Cette histoire vous est racontée pour tisser un parallèle avec la victoire du jour et la qualification des aigles à la CAN2015, vingt ans après celle de 1994. Ce n’est ni le même lieu, ni les mêmes acteurs mais le peuple attaqué lui n’a pas changé et les attaques dans le but de dénigrer sont identiques. Le bourreau cette fois ci est une partie des supporters et internautes algériens dont l’équipe nationale affrontait le Mali lors du dernier match de poule qualificatif pour la CAN qui se déroulait à Bamako. Les échanges n’ont pas volé très haut. Les mots choisis non plus. On pouvait lire sur les réseaux sociaux des insinuations au virus de la fièvre Ebola qui serait l’avenir des maliens et le SIDA leur passé. Les medias officiels et les internautes se sont donné en spectacle honteux et raciste envers les supporters et l’équipe malienne. Il faut exclure tout amalgame, seule une partie des algériens est coupable de ce comportement dénué de sens.

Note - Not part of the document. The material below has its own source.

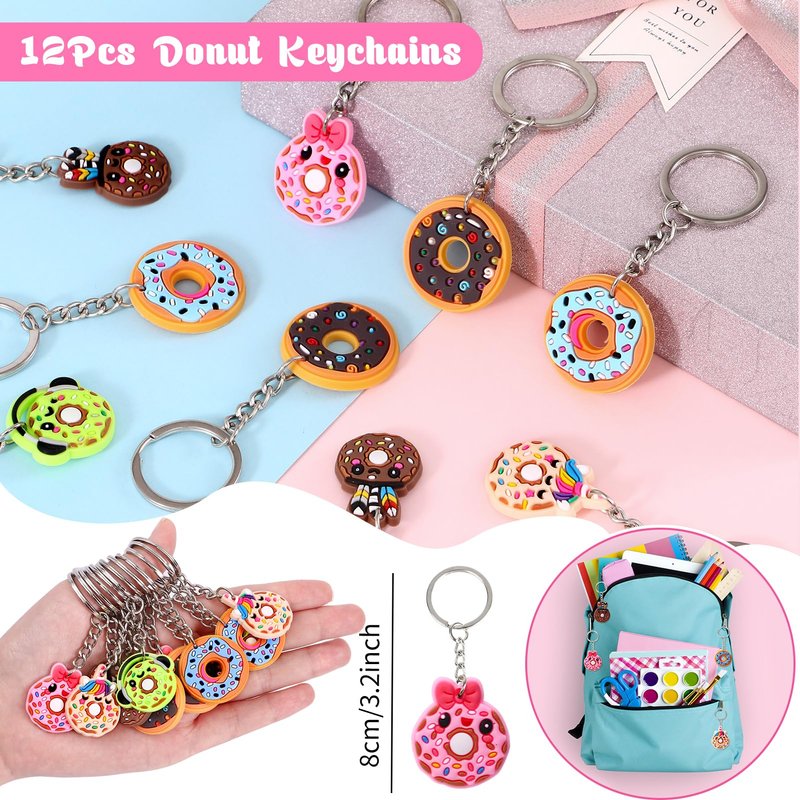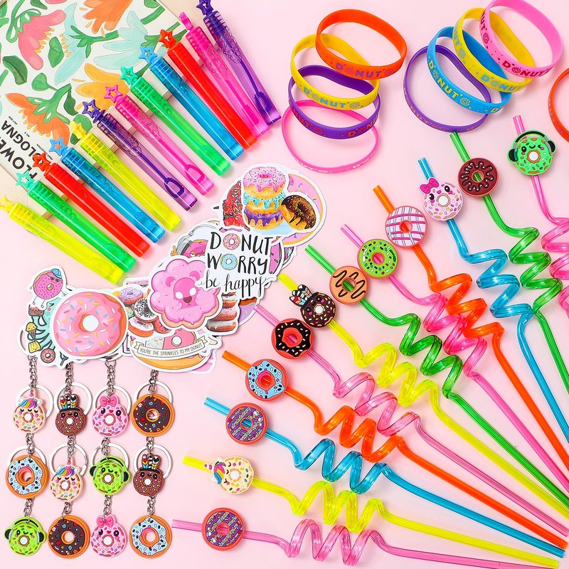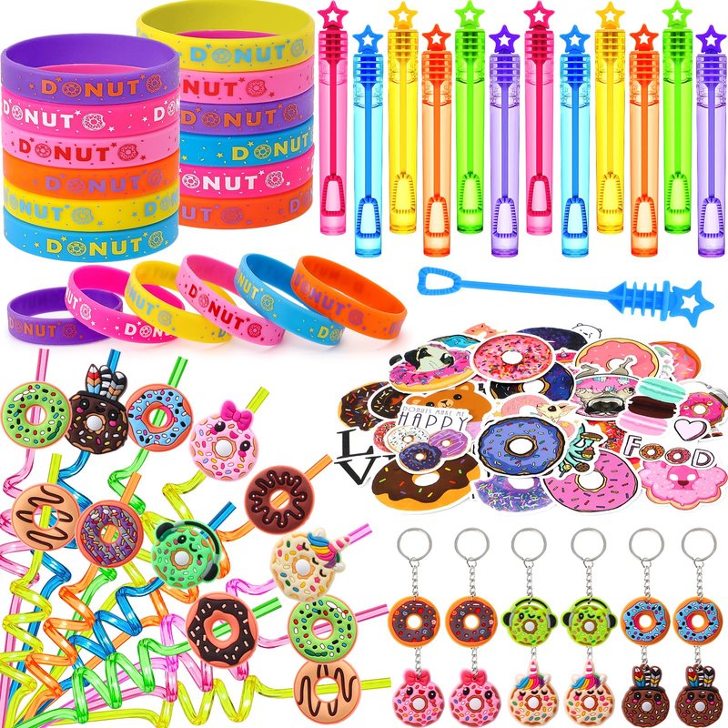 - Amazing Donut Party Favor Set: Our 98 donut party favor set includes 12 donut straws (6 styles), 12 donut bubble sticks (6 styles), 50 donut stickers, 12 donut keychains (6 styles), 12 donut silicone bracelets (6 styles). These exquisite donut party supplies will add sweetness and fun to your party, allowing all children to immerse themselves in a sweet atmosphere

Tout comme en 1994, les aigles, ailes dans l’eau et becs cloués ont réussi à déployer encore plus ces ailes pour laver l’affront fait au peuple malien. Ce fut si beau que c’est suffisant à faire taire le plus coriace des idiots. Le Mali pour se qualifier pour la CAN2015 vient de battre l’Algérie sur le même score de 2 à 0 comme en 1994. Seydou Keita va donc guider sa bande pour participer à sa 5ieme CAN d’affilée.

La morale de l’histoire pourrait ressembler à une bande de gamins doués qui se mettent en difficulté jusqu’à ce que quelqu’un décide de leur lancer un défi. L’histoire vient une fois de plus de prouver que dès que l’équipe du Mali est dos au mur sans possibilité de faire l’autruche, ils font l’aigle c’est-à-dire volent haut, très haut, le plus haut.